Nesses contratos, comuns no agronegócio, as partes acordam a venda de safra futura por um preço pré-determinado. Ao "travarem" o preço a ser praticado em momento posterior,  vendedor e comprador entendem o preço como adequado com base em seus custos e expectativas de lucro, protegendo-se da volatilidade dos preços das commodities.

A partir da expectativa de recebimento do produto no prazo e pelo preço acordados, o comprador pode assumir diversas obrigações com as próximas etapas da sua cadeia produtiva. Assim, o inadimplemento do contrato futuro pode acarretar relevantes prejuízos ao comprador, visto que, para fazer frente às obrigações assumidas, terá que adquirir os produtos não recebidos no mercado à vista, com preços potencialmente maiores do que aqueles objeto de contrato inadimplido. Aquele que contratou, por exemplo, café arábica, açúcar, algodão ou milho pelo preço praticado em setembro de 2019 para recebimento em agosto de 2021, caso tivesse que comprar os mesmos produtos neste mês, no mercado à vista, teria que pagar, respectivamente, quase 130%, 100%, 106%, 170% a mais do que o inicialmente previsto[3], o que dá uma ideia dos potenciais prejuízos a serem experimentados pelo adquirente em caso de descumprimento dos contratos futuros.

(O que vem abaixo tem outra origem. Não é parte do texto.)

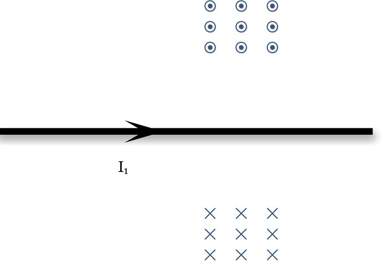 Till höger om ledaren går alltså magnetfältet in i pappret, till vänster om ledaren går magnetfältet ut mot oss från bilden.

Por isso, os contratos de compra e venda de bens futuros geralmente contêm robustas cláusulas penais compensatórias, as chamadas multas indenizatórias, que possuem duas funções reconhecidas pela doutrina: (i) coercitiva, de modo a compelir o devedor ao seu cumprimento e (ii) pré fixadora de indenização em caso de inadimplemento do contrato. Com base nas peculiaridades desse tipo de contrato e de seus riscos, não é incomum a fixação da multa em 50% ou mais do valor dos produtos contratados, o que pode ser tido como elevado se comparado aos percentuais adotados em outros tipos de contratos empresariais.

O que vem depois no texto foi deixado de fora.